FIG. 1 is a flow chart of a distributed computing method according to some embodiments of the present disclosure;

FIG. 2 is a schematic diagram of a centralized architecture according to some embodiments of the present disclosure;

FIG. 3 is a schematic diagram of a decentralized architecture of a Reduce architecture according to some embodiments of the present disclosure;

FIG. 4 is a schematic diagram of a decentralized architecture of a Gossip architecture according to some embodiments of the present disclosure;

FIG. 5 is a schematic structural diagram of a distributed computing system according to some embodiments of the present disclosure; and

FIG. 6 is a schematic structural diagram of a distributed computing device according to some embodiments of the present disclosure.

DETAILED DESCRIPTION OF THE EMBODIMENTS

In order to make objects, technical solutions and advantages of the embodiments of the present disclosure clearer, hereinafter, the technical solutions in the embodiments of the present disclosure will be described clearly and completely with reference to the accompanying drawings of the embodiments of the present disclosure. Obviously, the embodiments as described are a part of the embodiments of the present disclosure, not all of the embodiments. All other embodiments obtained by a person skilled in the art based on the embodiments of the application without any inventive effort shall all fall within the scope of protection of the disclosure.

Referring to FIG. 1, FIG. 1 is a flow chart of a distributed computing method according to some embodiments of the present disclosure. The method includes:

At operation S101: A data computing task is acquired.

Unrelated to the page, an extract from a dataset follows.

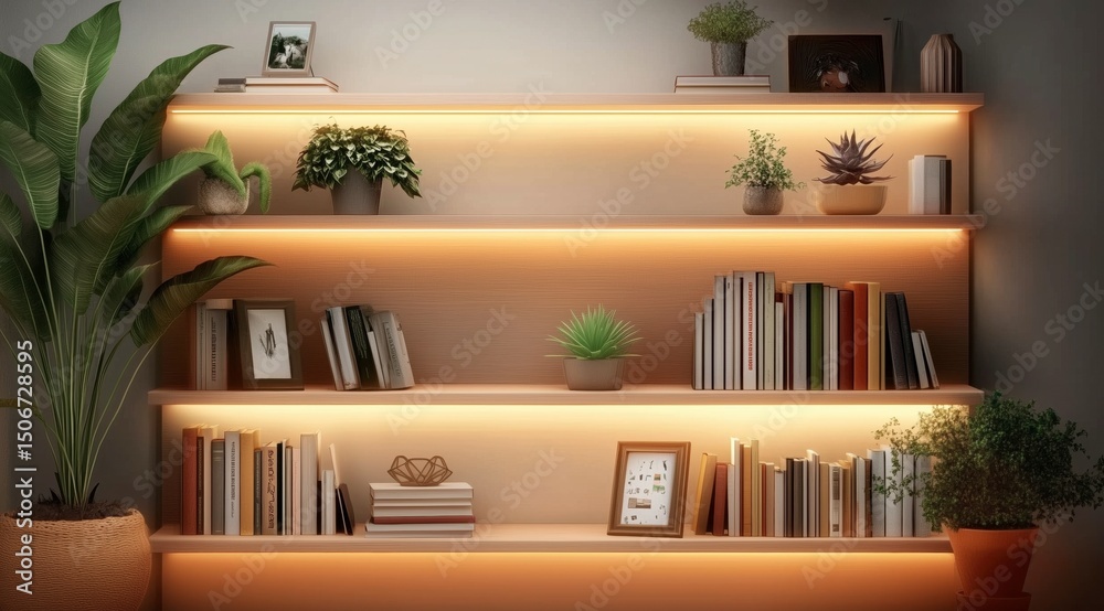 Featuring Warm Accent Lighting on Built-in Bookshelves Adorned, Plants, Decor Items, Cozy Elegant Home Library: Zoom Virtual Meetings Backgrounds, Stylish Interior Backdrops Design, Empty Living Room #1506728595
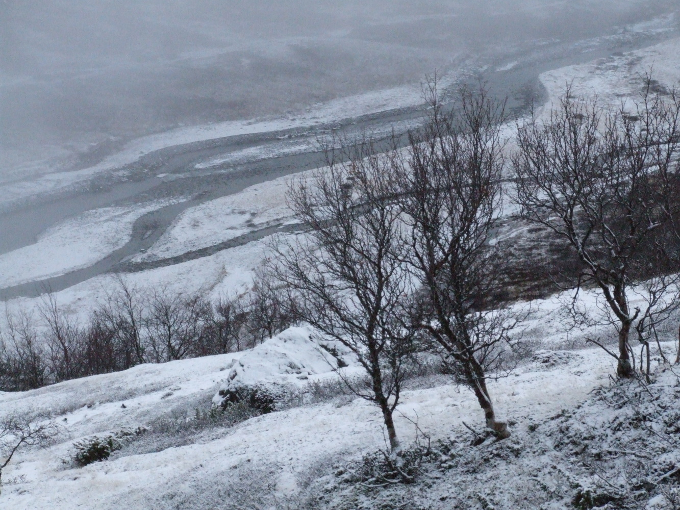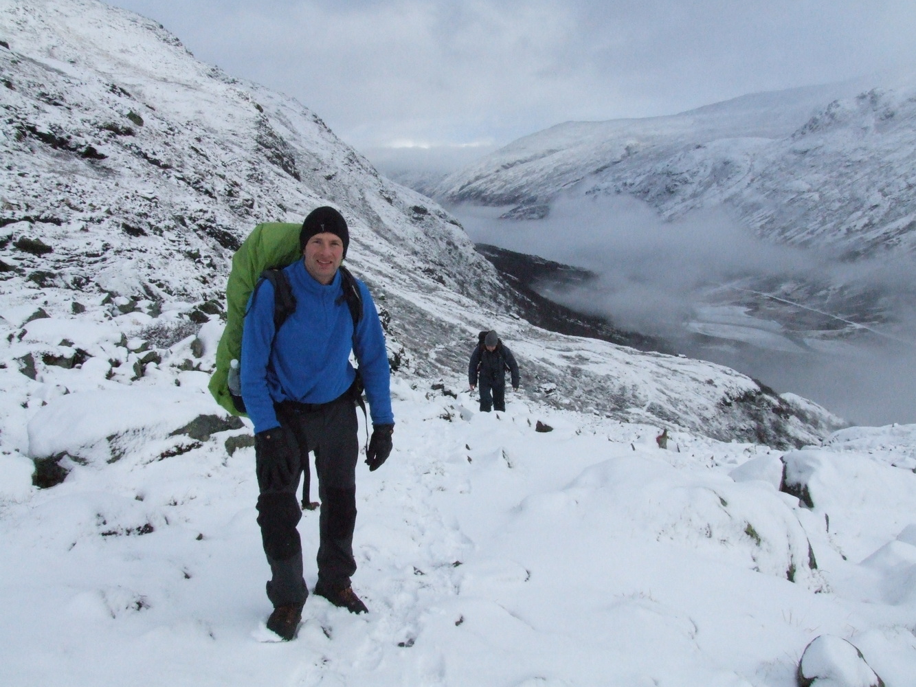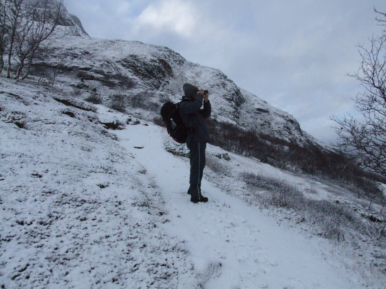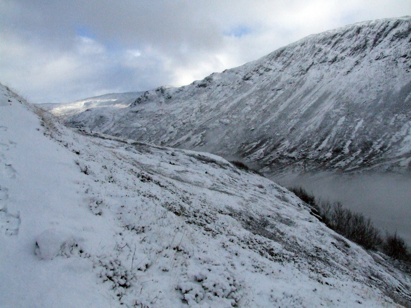 Vi lämnade dalen bakom oss och kom allt högre upp på bergssidan. Det var vackert och stilla nedanför och vi såg fortfarande hoppfullt på stigningen. Snön var inte så djup och även om ledens markering var mestadels täckt så kändes det tryggt med spåret i GPSn jag hade om vi inte skulle se markeringarna.

This operation aims to acquire a data computing task, and no limitation is provided herein on how to acquire the data computing task. In practical applications of the embodiments of the present disclosure, a data computing task sent by a cloud or another distributed computing device may be received through a network or a data link. The specific content of the data computing task is not limited herein, and may include task content for which data computation needs to be performed, available computing methods, and the like, so as to perform computation by using an adaptive distributed computing system or a distributed computing method in the embodiments of the present disclosure.

At operation S102: The data computing task is split to obtain subtasks, the subtasks are deployed to computing nodes, and a parallel mode for each of the computing nodes in a distributed training universal frame is configured.

This operation aims to split a data computing task. As the data computing task is probably a task involving a huge amount of computation and data, in this operation, the data computing task may be split first to obtain subtasks. The specific splitting method is not limited herein. Generally, task splitting may be performed in a manner that a data computing task is adapted to the number or performance of computing nodes in a distributed computing system.

After the subtasks are obtained by splitting, the subtasks are deployed to the computing nodes, and the parallel mode for each of the computing nodes is configured. The parallel mode is not limited herein, and may include, but is not limited to, data parallel, model parallel, hybrid parallel, and the like. Certainly, other parallel modes may also be used, which are not limited herein one by one.

The parallel mode may include a data parallel mode, a model parallel mode, and a hybrid parallel mode, and the data parallel mode includes sample-based data parallelism and sample dimension-based data parallelism.

When the sample-based data parallelism is adopted, when this operation is executed, each of the subtasks may be deployed to the computing nodes by means of random sampling with replacement and local shuffling sampling.

When the sample dimension-based data parallelism is adopted, and the subtasks include one or more dimensions of attributes or features, when this operation is executed, the subtasks may be divided according to the attributes or the features to obtain task samples, and then the task samples are allocated to corresponding computing nodes.

In addition, when the parallel mode is the model parallel mode, a distributed computing model may be horizontally split or a distributed computing model may be vertically split, so as to adapt to the subtasks. For example, a neural network model may be horizontally split or vertically split according to different splitting method.

It should be noted that, when distributed computation is performed, a corresponding distributed computing system needs to be constructed, so as to complete the distributed computation. The distributed training universal frame in this operation is a necessary infrastructure for constructing a distributed computing system. A person skilled in the art may pre-configure content of a basic frame required by the distributed computation, so as to adapt to different distributed computing requirements.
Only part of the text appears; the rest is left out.